In a non-profit sector that often focuses on the scarcity of resources, we should focus on the transformation of mindset, she says. Think about the size of the problem, as opposed to the amount of resources, Chang writes.
In terms of finding the money for social innovation, Chang acknowledges it is much more difficult to devote resources to innovation in the non-profit sector than in the private sector . She suggests there are seven ways in which funding structures can get in the way of innovation: having a Grand Master Plan that doesn’t adapt, lack of consideration for overhead, creation of silos by funding restrictions, a project approach vs a solution approach, the pioneer gap or early stage capital investment, the long, slow process of granting, and reporting and compliance.
Still, she says is still possible to do so, and it starts with developing open and honest relationships with funders.
Chang believes in the strength of a market approach.

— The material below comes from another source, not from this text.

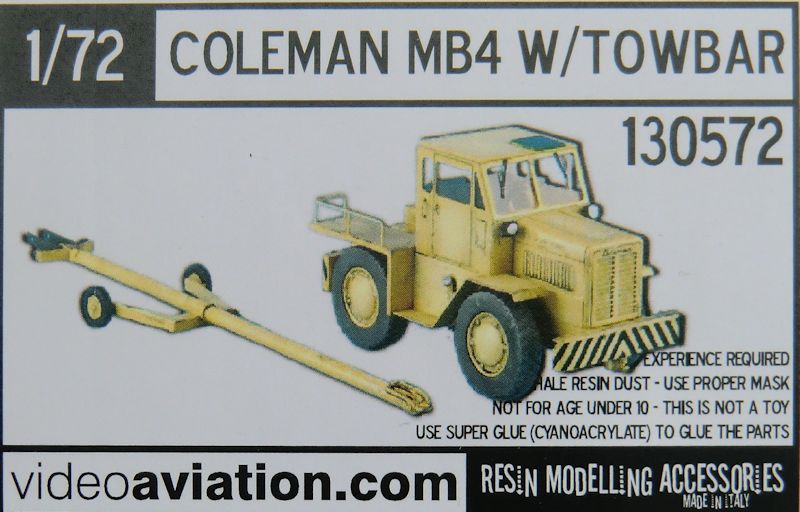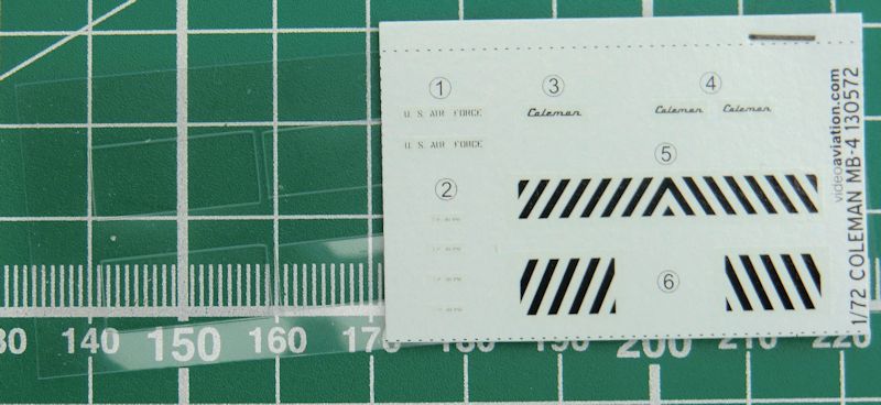 Bausatz: Nachdem es in 1/48 schon den Coleman MB-4 von videoaviation.com folgte nun folgerichtig ein Bausatz in 1/72. In dem kleinen stabilen Karton befinden sich gut verpackt eine Fotoätzplatine, 31 Resinteile, acht Klarsichtteile, ein Metallteil, ein Decalbogen und die übersichtliche Bauanleitung.

In his forward to the book, Eric Ries defines Lean Impactas a book that “discusses the ways organizations can serve their two very different, but equally important customers—funders and users—a crucial skill set for success in the world of social good.” And the book successfully fills that promise.
For people looking at scalable models, applying the lessons of Silicon Valley outside of established public institutions and through a market framework, there is a lot consider in this book, a book that offers a prescription for potential innovation in the charity sector and within charities themselves.
Ann Mei Chang has recently taken up the post of Chief Innovation Officer for @PeteButtigieg.